# R5 and new firmware: everything was perfect untill...



## rico.29 (Apr 3, 2021)

hello every body,
as you may know, i've had trouble with R5 and 500mm EF IS f4 V1, inacurate focus, lens continuesly focusing.
i knew it was no the lens, so i made a factory reset and all was perfect,
but i was waiting this new firmware because i think i will definitly fix possible AF problem.
so i installed it, P mode, no lens, battery ok.
and i test the R5 and 500mm with or without x1.4, also tested 100-500mm RF , and all was perfect , the 500mm f4 focused really fast , tracking was ok, no AF trouble at all.
so i went on the field did a few shots with x1.4, perfect), switch to 100-500mm, perfect, switch to 500mm+x1.4, perfect, 100-500mm, perfect, and back to 500mm+x1.4, and...
impossible to focus, i did not make a change on settings, AF keep tring to focus on subject , but still work perfect with 100-500mm.
i really don't understand.
i made a factory reset, nothing change,
any idea to fix this problem?

thanks .


----------



## rico.29 (Apr 6, 2021)

well, tried and tried the combo R5+500MM f4, V1, still the same , impossible to focus, AF gets close to subject but keeped chaning back and forward...
very frustrating.
what's even more frustrating, is that today, although i did nothing, did not change any setting, the combo works fine,
i really don't understand.
has any of you experiment such behaviour with any lens on any camera?
Thanks for your help.


----------



## HikeBike (Apr 6, 2021)

The only time I have had an issue at all similar to this was when I was using my EOS R, and I had "Lens drive when AF impossible" set to OFF. In several cases, the camera would give up prematurely on achieving focus.

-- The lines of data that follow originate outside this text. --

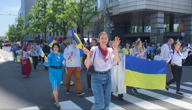 "Diplomats of the embassy, the Ukrainian community in Japan, and evacuated Ukrainians welcomed tens of thousands of spectators, marching in a friendly column in embroidered shirts under Ukrainian flags as a sign of gratitude to Japan for supporting Ukraine," the post reads.
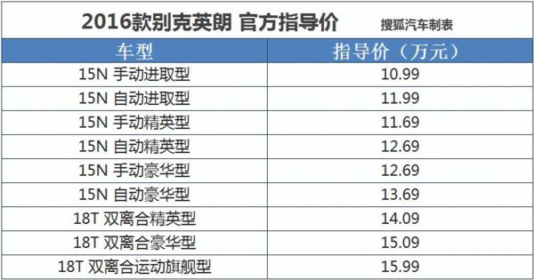2016款別克英朗 日前正式公布售價,新車推出6款15N以及3款18T共計9款車型, 售價區(qū)間10.99-15.99萬 ,與在售版本保持一致。2016款英朗 在動力、配置方面進行了升級 。 2016款別克英朗全系
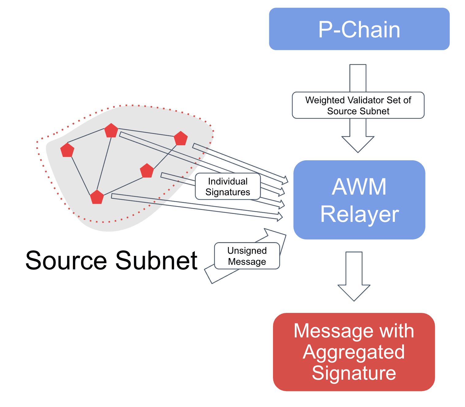 • Notification: The AWM Relayer is triggered whenever a new outgoing message is detected by a node.
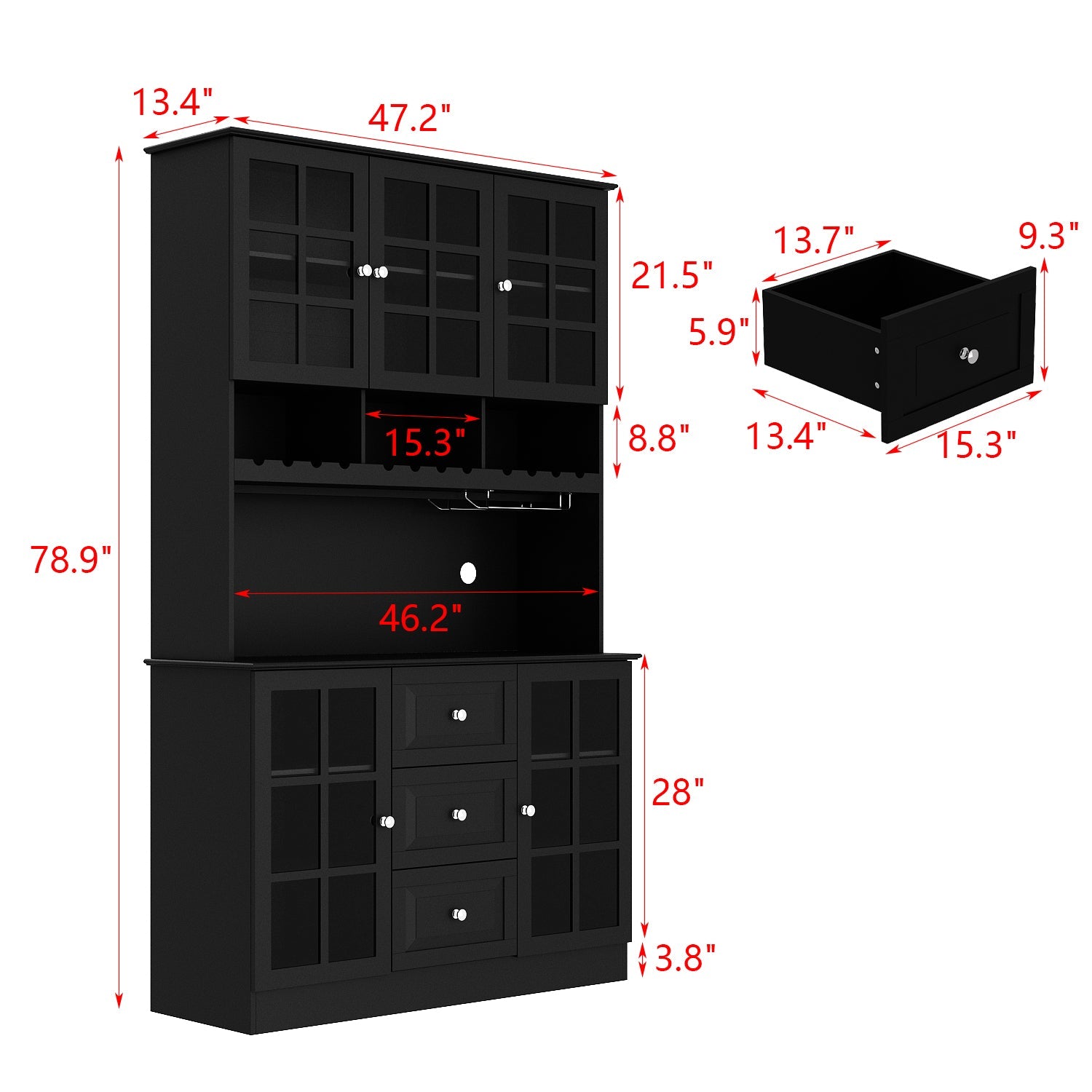 Buffet bar avec porte vitrée, vaisselier de cuisine avec tiroirs, porte-verres et casier à vin
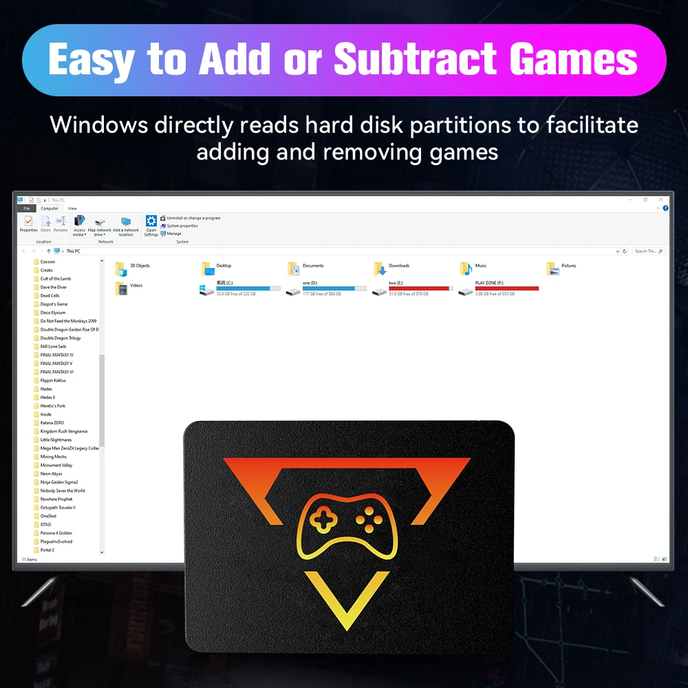 In this 1TB game ssd, windows directly reads hard disk partitions to facilitate adding and removing games.
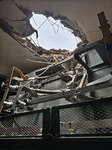 Група опублікувала фотографію, на якій видно пробиту стелю будівлі ТЕЦ, зазначивши, що це лише одне з численних пошкоджень.
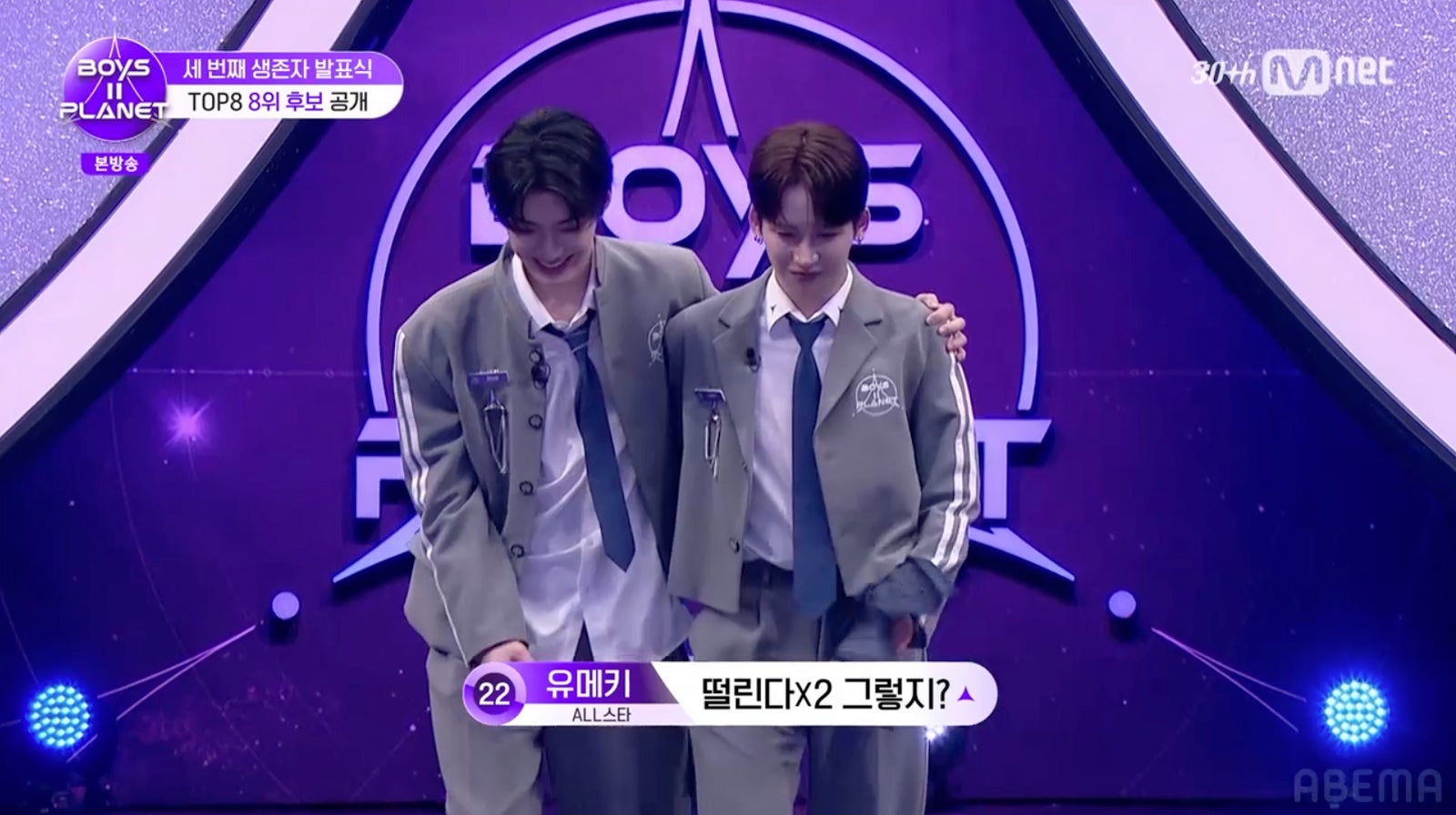 9月18日、Mnetのグローバルボーイズグループデビュープロジェクト「BOYSⅡPLANET」(以下「ボイプラ2」/毎週木曜21時20分~)の第10話がABEMAにて日韓同時・国内独占無料放送された。第3回生存者発表式が行われ、16人の生存者と同時に脱落者が明らかに。練習生の別れに反響が寄せられた。
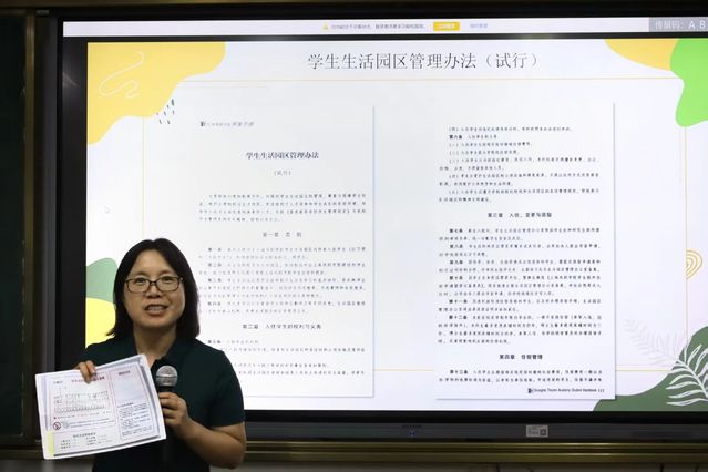 员工生活园区负责人郭冠彦老师围绕园区管理新规,解读了员工在寝室安全、卫生、公共秩序等方面的责任与权益。她结合《校园逃生示意图》指出,园区为员工提供紧急逃生通道,园区管理新方法进一步细化了寝室违规行为的认定与处理流程,同时根据《员工控烟规定》,鼓励同学们以规范为基、以文明为要,维护校园洁净环境,做到无烟校园,减少火灾隐患,共同维护园区秩序。同时,郭老师建议大家保存值班电话,积极反应情况和沟通,共建和谐校园。

So check that setting, and make sure it is set to ON. This very well might not be the cause of the issue you're experiencing, but it's worth checking.


----------



## Mt Spokane Photography (Apr 7, 2021)

In addition to the setting mentioned above, since the issue started after changing lenses, it could be a problem with the contacts. Look at the contacts on the back of the lens closely for any wear groves or bare metal. Then use a soft cloth barely damp with alcohol to wipe them. Its easy to try so nothing lost if it doesn't work. I don't think its the camera side since it works with other lenses.


----------



## rico.29 (Apr 9, 2021)

thank you for your answers, i've checked and it's ok.
but sometimes the combo works great sometimes , not at all, impossible to focus.
the last time it did, was just after a short video, 1 or 2 s, i quickly switch to photo (before any AF on subject in video mode) to shot bird, but impossible to focus in photo mode.
so i quickly switch back to video mode (to check AF), focused on a subject, and went back to photo, and then, AF was ok.
is it possible that if i switch from video to photo, when i do not focus on anything in video, the AF is kind of "lost" in photo?


----------